Claude Code Plan Mode in Slack

February 11 — The Claude Code integration in Slack receives Plan Mode. When giving Claude a code task in Slack, it can now elaborate a plan before executing, allowing validation of the approach before implementation.

Feature	Description
Plan Mode	Plan elaboration before execution
Automatic detection	Intelligent routing between code and chat
PR Creation	”Create PR” button directly from Slack
Prerequisites	Pro, Max, Team or Enterprise Plan + connected GitHub

🔗 Boris Cherny Thread

ElevenLabs launches Expressive Mode for its voice agents

February 10 — ElevenLabs unveils Expressive Mode for ElevenAgents, an evolution that makes its AI voice agents capable of adapting their tone, emotion, and emphasis in real-time.

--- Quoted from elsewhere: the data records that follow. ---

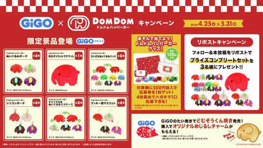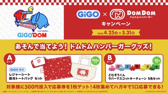 株式会社GENDA GiGO Entertainment(本社:東京都港区 代表取締役社長:二宮 一浩、以下「当社」)は、GiGOグループのお店において、2026年4月25日(土)より、株式会社ドムドムフードサービス(本社:東京都台東区 代表取締役社長:藤崎 忍)が運営する日本初のハンバーガーチェーン『ドムドムハンバーガー』とコラボレーションした、「GiGO×ドムドムハンバーガーキャンペーン」を開催いたします。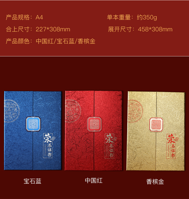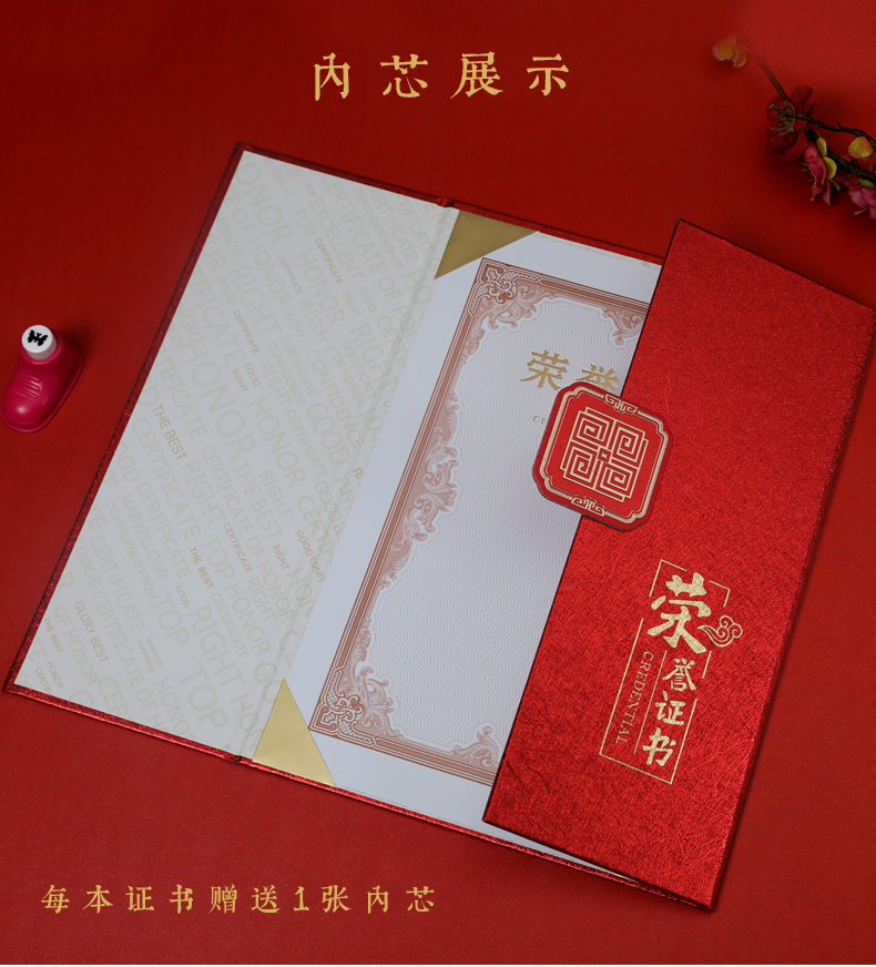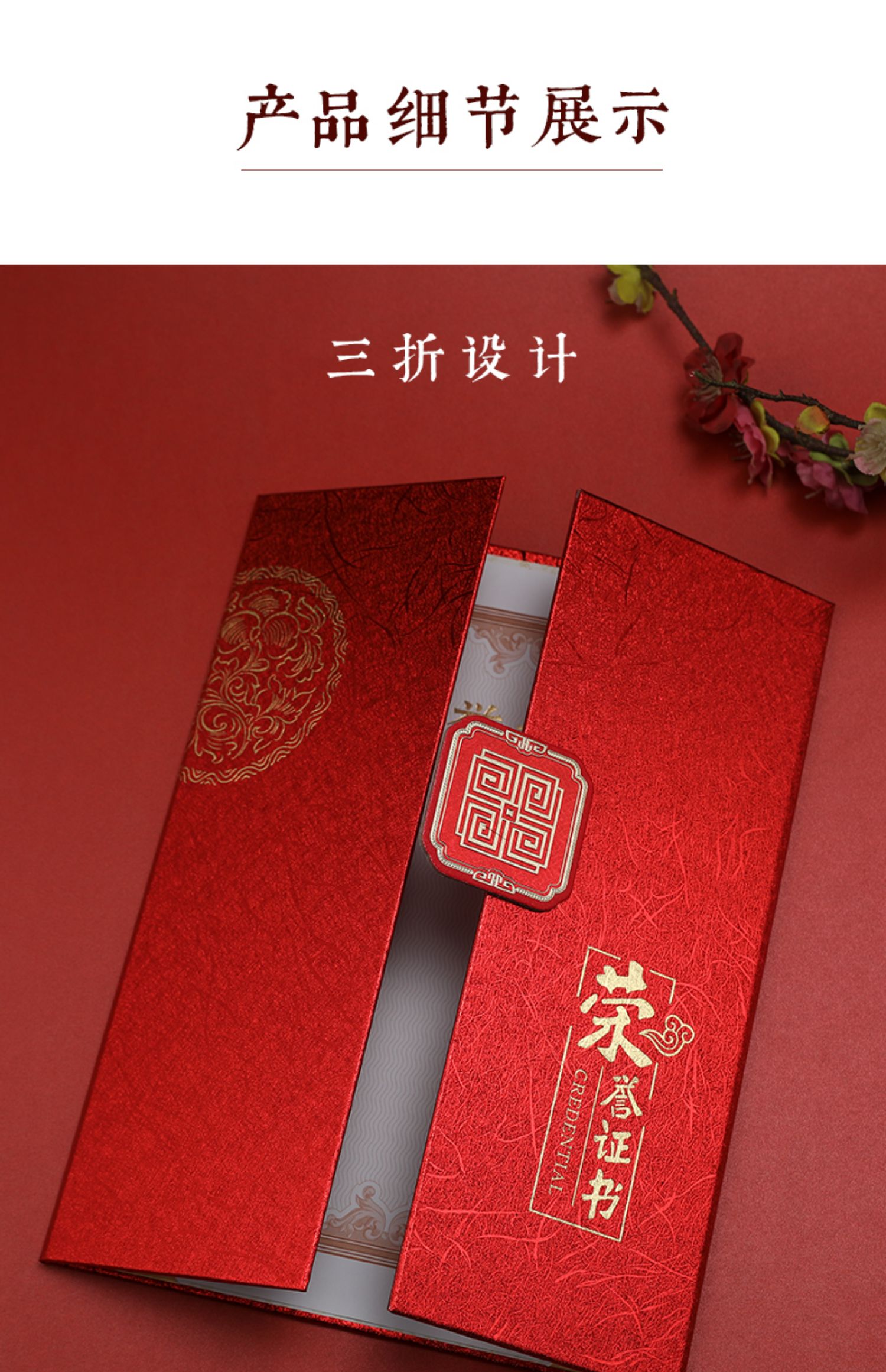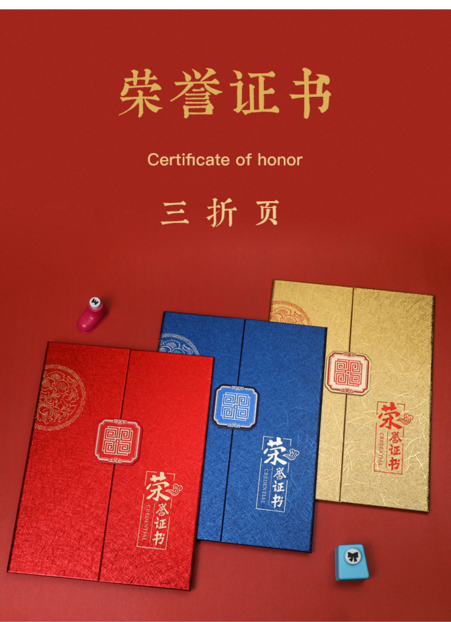 1062 / 三折新款荣誉证书外壳封面奖状定制定做奥利丝红蓝金色国潮风颁奖获得奖表彰证书横竖A4送加厚内页芯可打印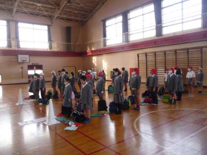 体育館で、出発の会をやったら、社会科見学に出発です。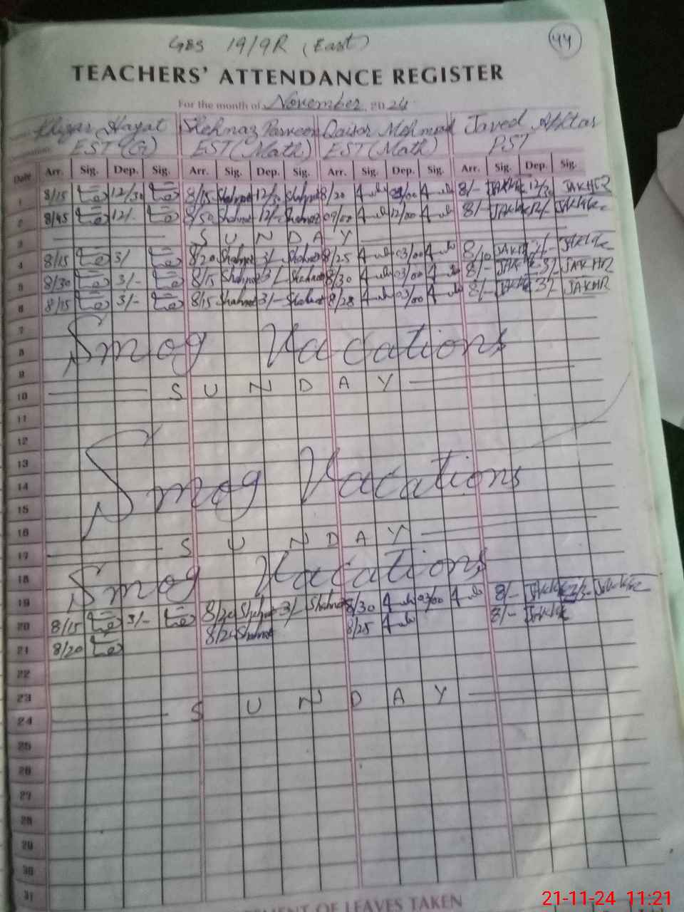 | CNIC | Full Name | Designation | R/C | Absence During Last Calender Month |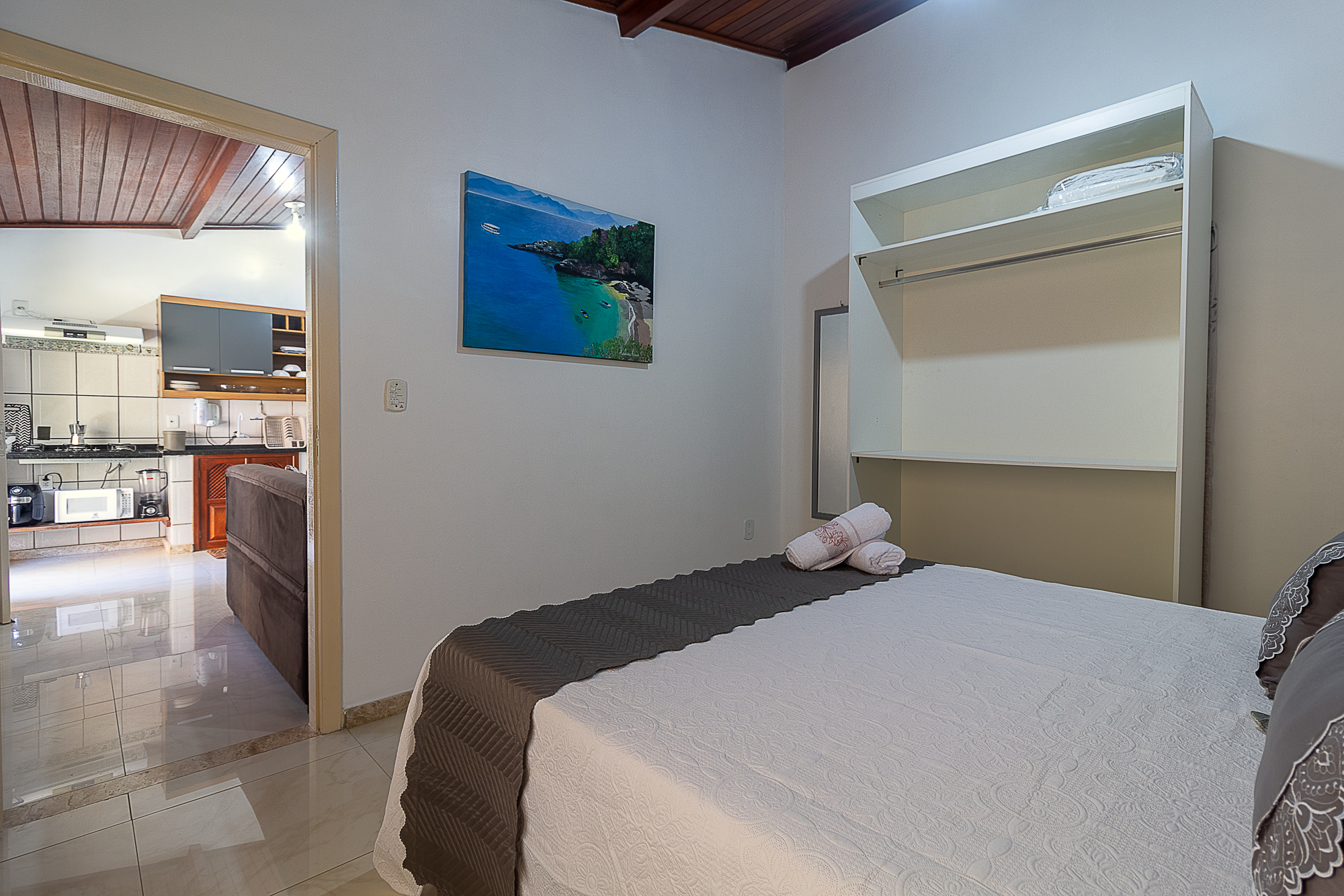 Ideal para pequenas famílias ou grupos de amigos, nosso Apartamento Térreo oferece conforto e praticidade para até 3 pessoas. Equipado com uma cama de casal e uma cama de solteiro, além de uma cozinha compacta, é perfeito para quem busca uma estadia acolhedora e funcional em Arraial d'Ajuda. Venha desfrutar de momentos inesquecíveis na Villa Sunset!

The mode relies on Eleven v3 Conversational, a voice synthesis model optimized for real-time dialogue, coupled with a new turn-taking system that reduces interruptions. The price remains at $0.08 per minute. In parallel, ElevenLabs restructures its platform into three product families: ElevenAgents (voice agents), ElevenCreative (creative tools), and ElevenAPI (developer platform).

🔗 Expressive Mode Blog

Kimi K2.5 integrated on Qoder

February 9 — Qoder (AI platform for developers) deploys Kimi K2.5 as the flagship model of its marketplace, with a SWE-bench Verified score of 76.8% and an advantageous rate (0.3x credit in Efficient tier). The recommended workflow: use heavy models for design and architecture, then K2.5 for implementation.

🔗 Qoder Announcement

What this means

Open-source continues to progress rapidly towards frontier models. Z.ai’s GLM-5 narrows the gap with Claude Opus 4.5 and GPT-5.2 on coding and agentic task benchmarks, while being available under the MIT license. The publication of the ASL-4 sabotage report by Anthropic establishes a precedent for safety transparency that other labs will likely be compelled to follow.

On the developer side, OpenAI’s agentic primitives (server-side compaction, network containers, API skills) and the “Harness Engineering” approach outline a future where autonomous agents manage multi-hour sessions. Kimi Agent Swarm pushes this logic even further with the orchestration of hundreds of sub-agents in parallel.